Tommy Storm and the Galactic Knights
- Author: A.J. Healy
- Language: English
- Series: Tommy Storm
- Genre: Science-Comedy Fiction
- Publisher: Quercus
- Publication date: 24 September 2009
- Publication place: Ireland
- ISBN: 978-1-84724-755-1
- Preceded by: Tommy Storm

= Tommy Storm and the Galactic Knights =

2009 novel by A.J. Healy

Tommy Storm and the Galactic Knights is the second novel in the Tommy Storm series, written by Irish author A.J. Healy. Set three years after the first Tommy Storm, Tommy and his friends travel across the universe searching for answers about the TFC. They must escape the evil Nack Jickilson, and seek help from the Beast of Hellsbells.
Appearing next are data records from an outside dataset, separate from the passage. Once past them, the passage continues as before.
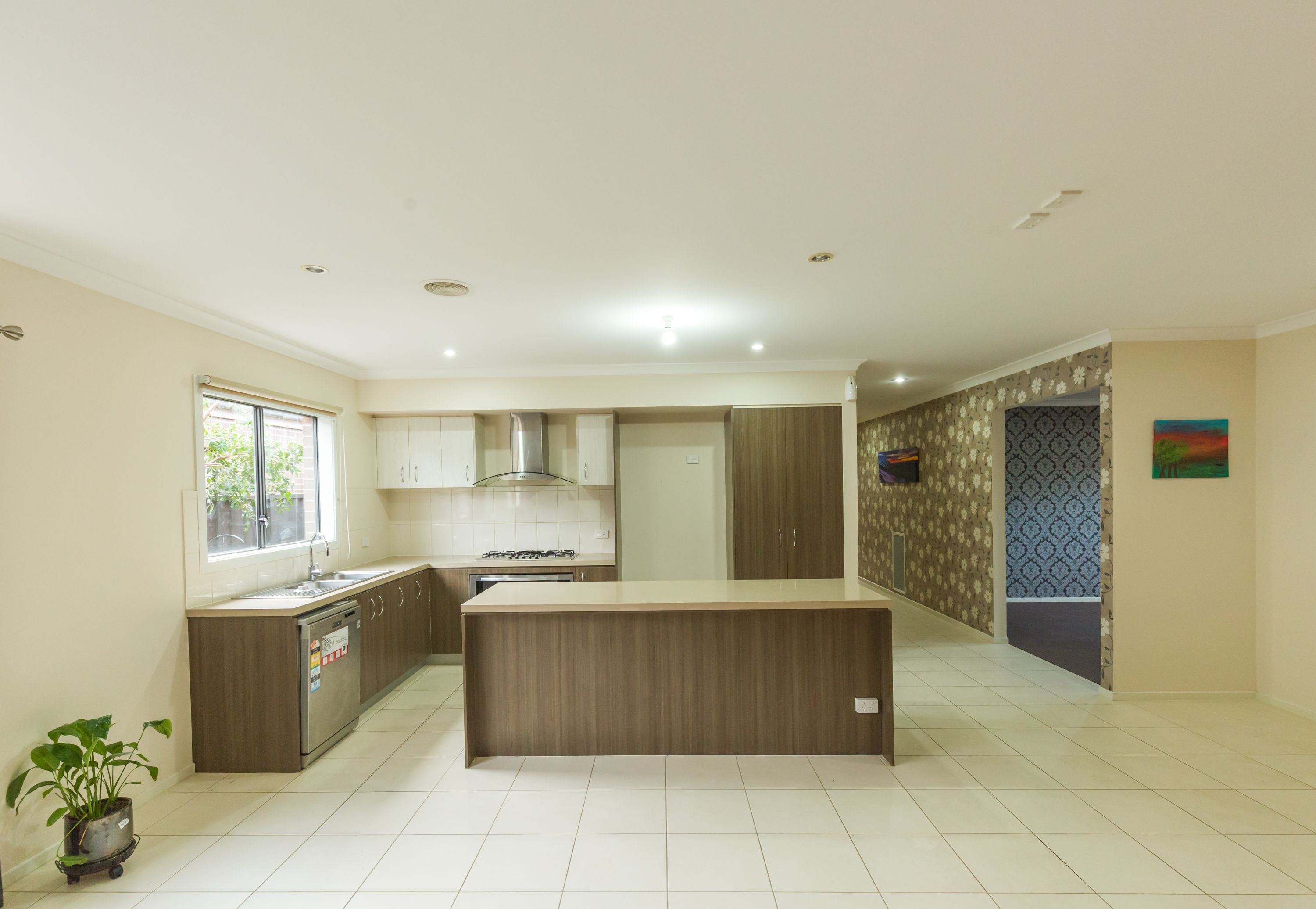 • Fantastic kitchen with island bench-top, plenty of cupboard space, 900 mm stainless steel appliances and dishwasher
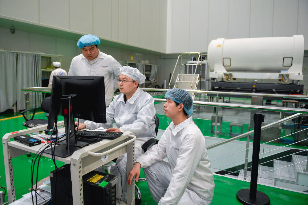 在長光衛(wèi)星相機裝調(diào)間,王升(右二)在調(diào)試衛(wèi)星光學遙感載荷組件時與團隊成員討論細節(jié)。
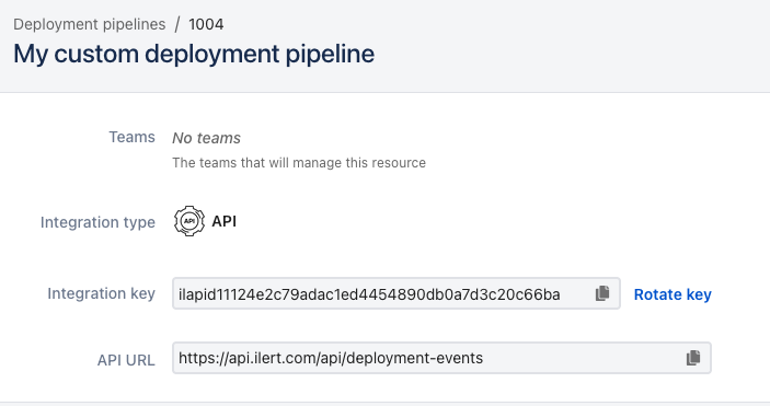 If you wish to integrate your custom deployment or CI & CD pipelines with ilert's deployment events, you can use the generic API deployment pipeline to generate an `integrationKey` and process your own events.&#x20;

Unbeknownst to them, A-Sad-Bin-Liner is planning to destroy thousands of planets, including Earth.

Tommy Storm and the Galactic Knights, abbreviated TS2, was published in Ireland on 24 September 2009, by UK publisher, Quercus.

==Reception==
In a mixed review, the Sunday Mercury said, "Tommy Storm is not a particularly likeable character, and although this book is riddled with intelligent crossreferences meant to amuse, it just comes across as though it's trying too hard to impress. Billed as a comedy adventure, it's not that funny and the adventure is confusing. However, being confusing means that it's unpredictable to the end, and it is heart-warming in parts." Mary Shine Thompson of the Irish Times praised the book, writing, "The book is crammed with characters with names such as A-Sad-Bin-Liner and the kind of smart-alec ripostes, puns (there's a Straddlevarious violin) and exclamations that many youngsters find hilarious."